▶ **What to work on**: Line by line, print the records exactly as they are, dropping the pictures.

Stored records:
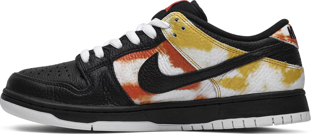 Dropping in January 2020, the Dunk SB Low 'Tie-Dye Raygun - Black' brings back a fan favorite from the height of Nike SB’s Pink Box era. The design is updated with a tie-dye effect in honor Sandy Bodecker, the late Nike executive credited for the success of the Swoosh’s skateboarding division. The shoe itself is inspired by the Roswell Rayguns, a fictional ABA team featured in a Nike Basketball marketing campaign from 2002.
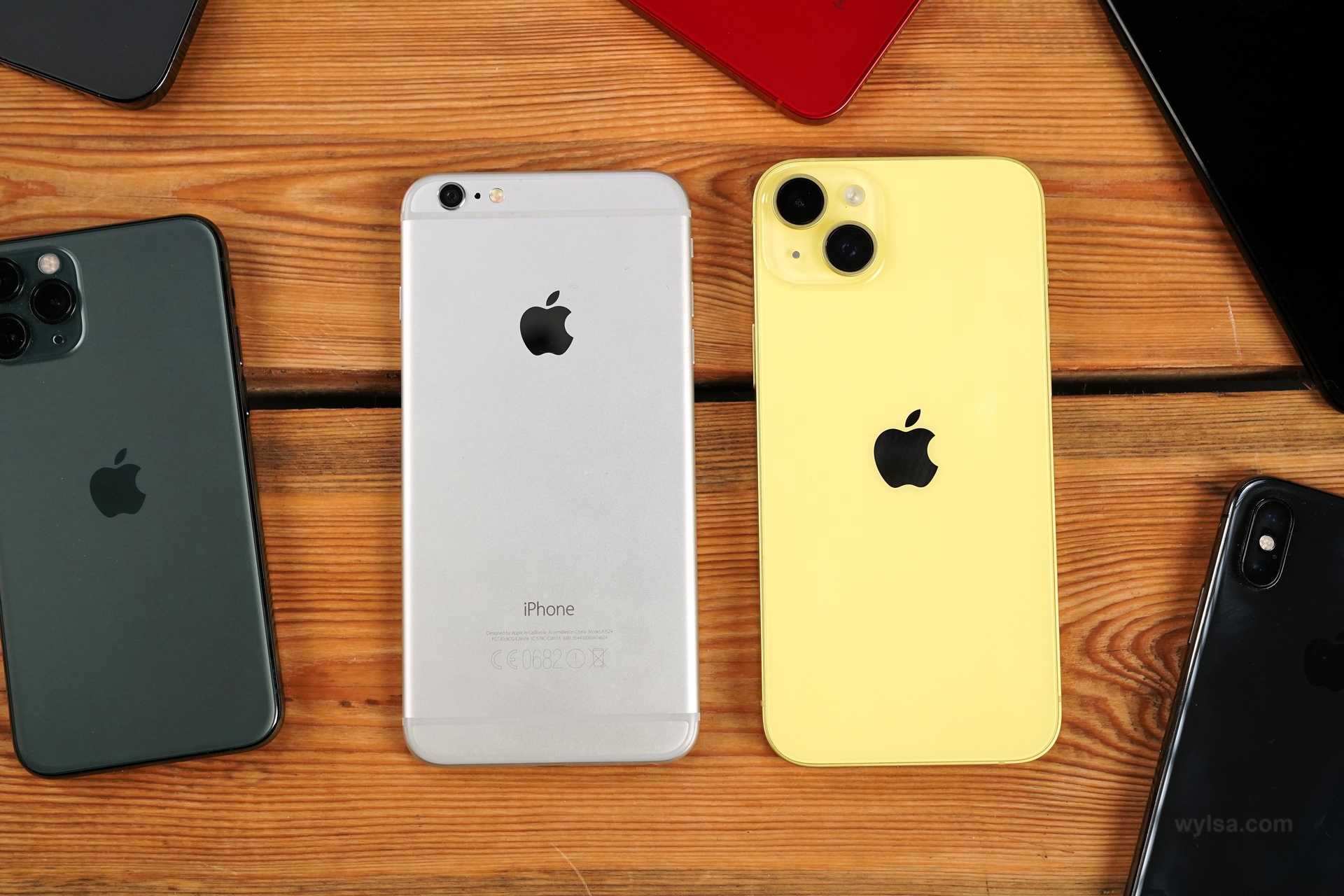Старенький iPhone 6 Plus из 2014 года рядом с iPhone 14 Plus. Фото: Александр Побыванец / Wylsacom Media
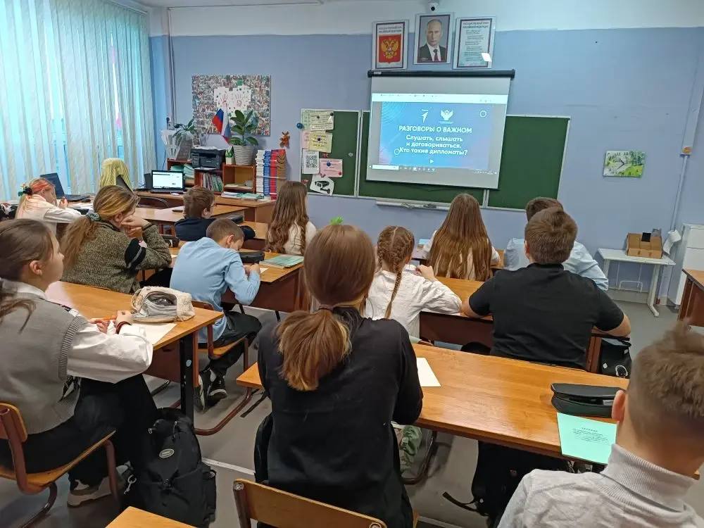 Во всех классах прошли классные часы в рамках программы «Разговоры о важном». Сегодня ломали голову над крутой темой: « Кто такие дипломаты?»
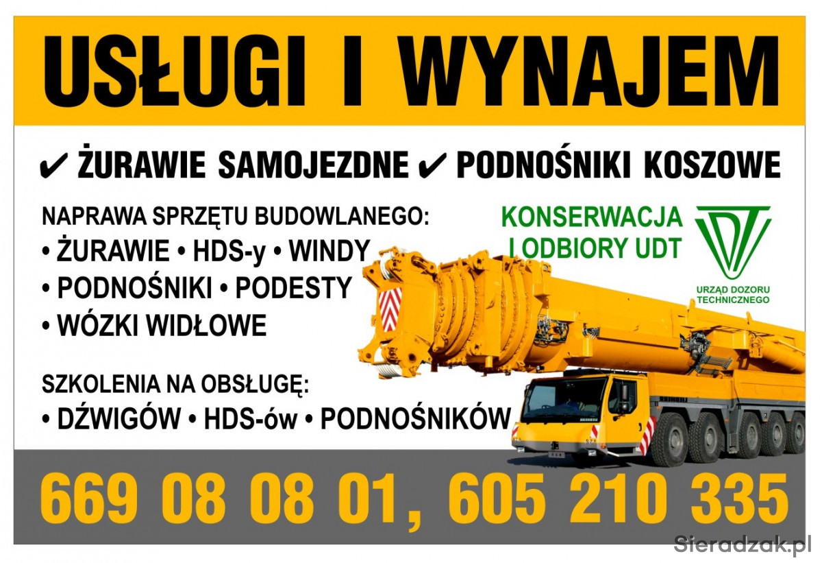 Żurawi: samochodowych, przenośnych (HDS), wieżowych
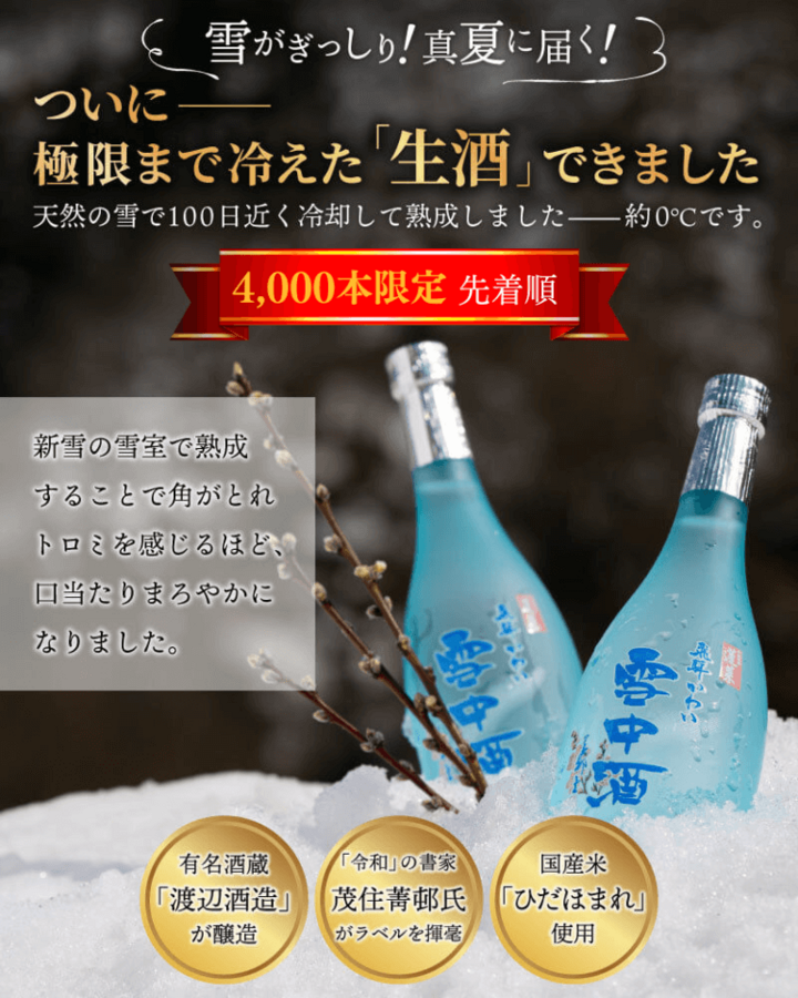 雪中酒は、岐阜県飛騨地方の『天生山(あもうさん)』の湧き水と、国産米『ひだほまれ』から作ったしぼりたて生酒を、雪室で100日近く冷やして熟成させて仕上げた日本酒です。
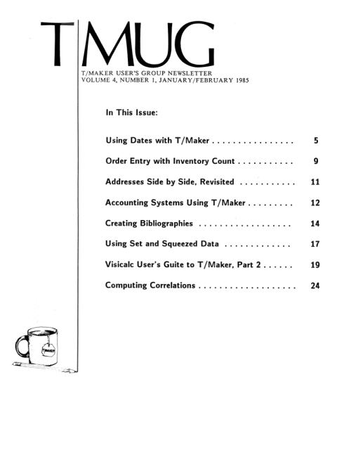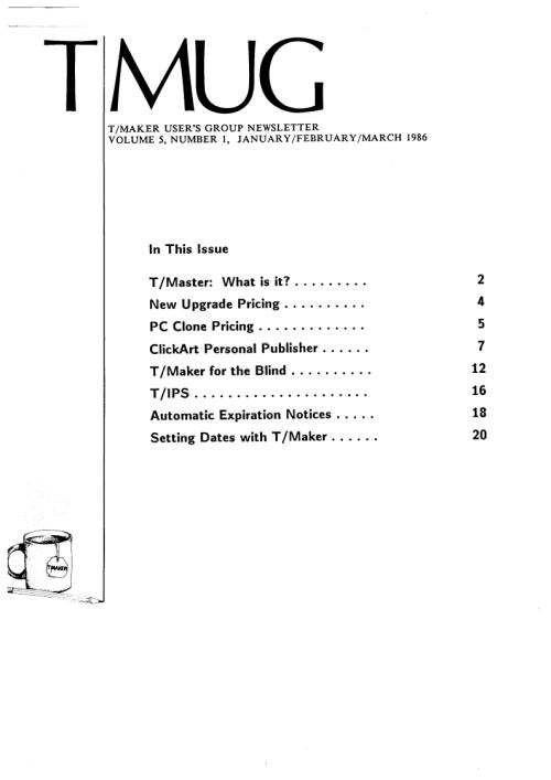 T/Maker Users' Group Newsletter - Volume 5, Issue 1 - January/February/March 1986

▶ **Response**:
 Dropping in January 2020, the Dunk SB Low 'Tie-Dye Raygun - Black' brings back a fan favorite from the height of Nike SB’s Pink Box era. The design is updated with a tie-dye effect in honor Sandy Bodecker, the late Nike executive credited for the success of the Swoosh’s skateboarding division. The shoe itself is inspired by the Roswell Rayguns, a fictional ABA team featured in a Nike Basketball marketing campaign from 2002.
Старенький iPhone 6 Plus из 2014 года рядом с iPhone 14 Plus. Фото: Александр Побыванец / Wylsacom Media
 Во всех классах прошли классные часы в рамках программы «Разговоры о важном». Сегодня ломали голову над крутой темой: « Кто такие дипломаты?»
 Żurawi: samochodowych, przenośnych (HDS), wieżowych
 雪中酒は、岐阜県飛騨地方の『天生山(あもうさん)』の湧き水と、国産米『ひだほまれ』から作ったしぼりたて生酒を、雪室で100日近く冷やして熟成させて仕上げた日本酒です。
 T/Maker Users' Group Newsletter - Volume 5, Issue 1 - January/February/March 1986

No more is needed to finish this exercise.